Después del Golpe, el MIR y el MAPU quedaron prácticamente desarticulados, por lo que comenzaron a trabajar en conjunto. Así Tomás Pizarro, del MIR, recibía documentos de Alejandro Fuentes, del MAPU. Tomás recuerda con particular importancia el trabajo que Carlos desarrolló. La primera vez que le contó su versión a los Carrasco Matus fue cuando volvía de su exilio. Su hermano Isidro es aún detenido desaparecido y su madre trabajaba con la Agrupación de Familiares de Detenidos Desaparecidos. Dice que ahí vio a una mujer que se notaba aislada. Su madre le dijo que se trataba de “la mamá de un DINA, se hace pasar por preso político y nadie le cree”. Tomás supo que tenía que ser la madre del “Negro” Carrasco. “Le dije que trabajé con él y nos hicimos agua en llanto. Para ella representaba un fiel testimonio de que su hijo había sido un revolucionario comprometido y no un agente de la DINA convertido”, recuerda.

Más de 40 años después, Tomás todavía recuerda la información que Carlos entregó:

– “Primero nos dijo que ellos siempre andaban disfrazados de funcionarios de la CTC (Compañía de Teléfonos de Chile). Entonces si veíamos más de una camioneta, sabíamos que eran ellos. Porque los tipos que están arriba no están trabajando con cables, sino que están mirando a los alrededores.

– Después nos dijo que consiguiéramos una cámara Polaroid para hacer una fotografía de la tifa (identificación) de la DINA. No conseguimos la cámara. Lo único que pudimos hacer fue dibujarla.

– Nos decía de la gente del MIR que estaba en Tejas Verdes y que esa gente podía salir trabajando para nosotros, para que estuviéramos atentos.

– Después el Negro nos dice que están haciendo la recuperación de una información que los iba a llevar a un lugar. No sabía qué lugar era, pero sabía que era importante. Ahí alertamos.

– Después nos dice que andaban buscando una casa que no sabían como era por fuera, pero tenían las características interiores de la casa. Por lo tanto tenían que saber cómo era por fuera para llegar a esa casa”.

– Alejando también señala que Carlos le informó que “el MIR estaba infiltrado por la DINA a través de un sujeto al que según Carlos se le apodaba como ‘Che’ al interior de la DINA. El esfuerzo por mi parte consistió en retransmitir inmediatamente al MIR lo de la infiltración ya que eso podía significar que se evitase golpes decisivos a las estructuras dirigentes del MIR”.

Aunque Carlos no lo sabía -o al menos no lo menciona-, las últimas dos informaciones se referían a la casa de Miguel Enríquez. Ese fue el inicio de la caída de Carlos Carrasco Matus.

La caza

Alertados, el círculo cercano a Tomás y Alejandro se puso a trabajar para intentar detener el ataque a Miguel Enríquez. Así fueron cayendo uno a uno en las manos de la DINA. La primera en ser detenida, en septiembre del ’74, fue María Cristina López Stewart y su esposo. Tomás le entregaba la información proveniente de Carrasco a María Cristina: “Ella cae haciendo las gestiones para poder desbaratar el hallazgo de la casa de Miguel Enríquez”, recuerda Tomás. Pero el 5 de octubre Enríquez es asesinado en su casa: “Estuvimos a punto de evitar la muerte de Miguel, pero éramos unos pichones. Ellos tenían gente preparada, entrenada militarmente, con cursos en Panamá, en todas partes. Nosotros éramos muchachos idealistas, como lo quieras llamar, pero no teníamos una preparación militar”, dice Tomás.

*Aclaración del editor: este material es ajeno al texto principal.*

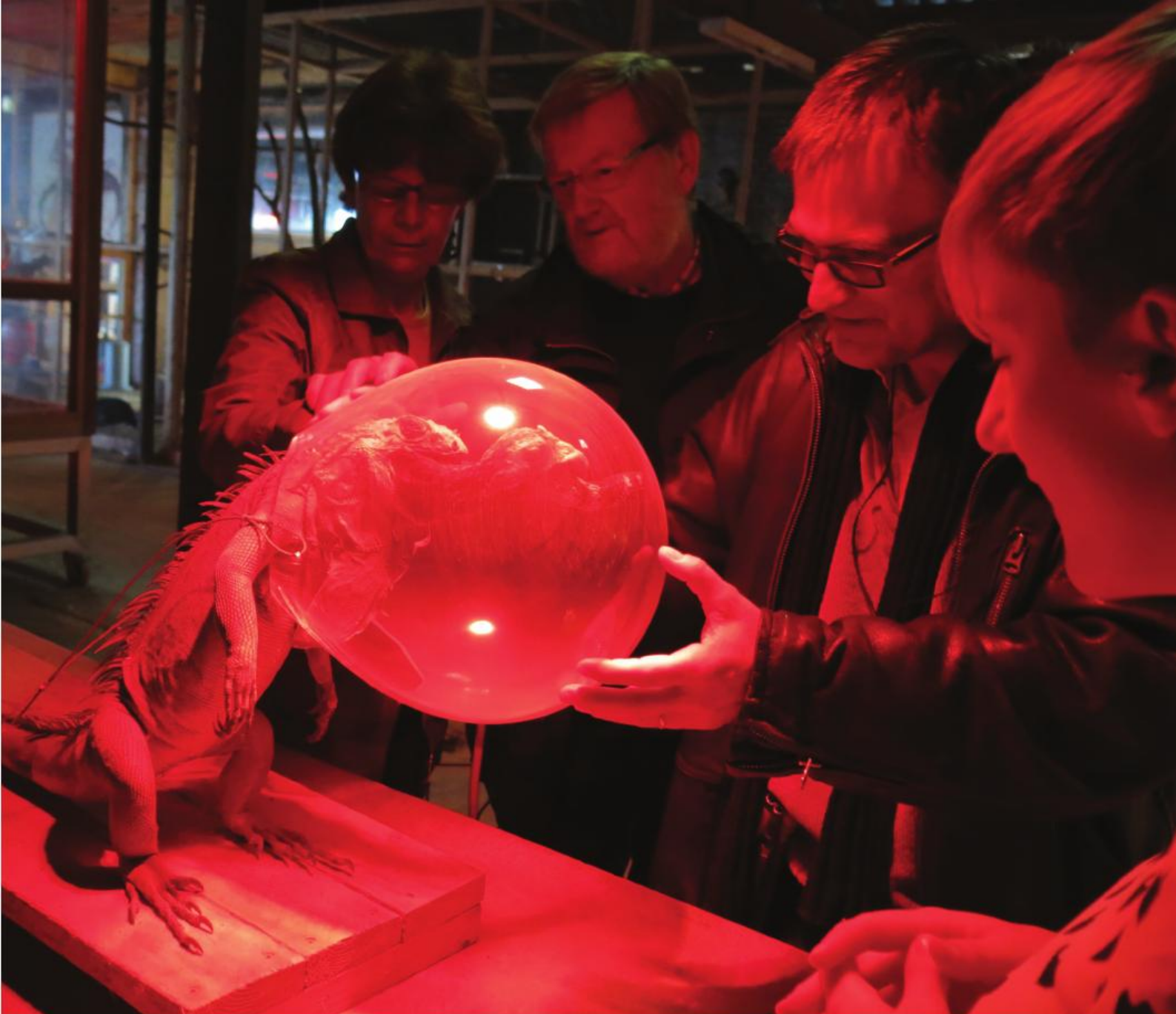
■ Het kunstwerk 'tussenin': de opstelling van de mensen rond het kunstwerk en de haptische waarneming van het kunstwerk brachten dialoog tussen personen met en zonder visuele beperking op gang. (Kunstatelier Vanmechelen, Hasselt)

“Wat ik grappig vond, dat die ... die gezichtjes niet gezien had ...” “Neen, die hadden ze niet gezien, dat wisten ze niet. Ze wisten niet voor wat dat diende, en jij voelde, ah maar dat is een gezichtje.” “En toen dat zij dat zei dacht ik: ‘Och ja, kijk hier, een neusje en ...!’ En dan ineens krijgt dat een duidelijker beeld.” “Dat vind ik boeiende dingen, je ziet het niet maar je voelt het wel.” (Fragment uit citaat: drie personen (met en zonder visuele beperking) over kunstbeleving in een Brussels museum, 2014)

Después de la caída de María Cristina, fue Ida Vera Almarza quien tomó su lugar. Ida compartía casa con Isidro Pizarro, hermano de Tomás. Después de la detención de María Cristina, Tomás deduce que la DINA sabe que la fuga de información desde su unidad se concentraba en la zona norte de Santiago. La situación era crítica, así que Isidro y “Gigi” -como llamaban a Ida- ya habían abandonado la casa. Un compañero del MIR, sin embargo, insiste en que tienen que volver a buscar unos documentos. Tomás lo llama el “Chico”. Hoy sabe que fue presionado por la DINA para llevarlos a ese lugar el 19 de noviembre de 1974, donde los estaban esperando.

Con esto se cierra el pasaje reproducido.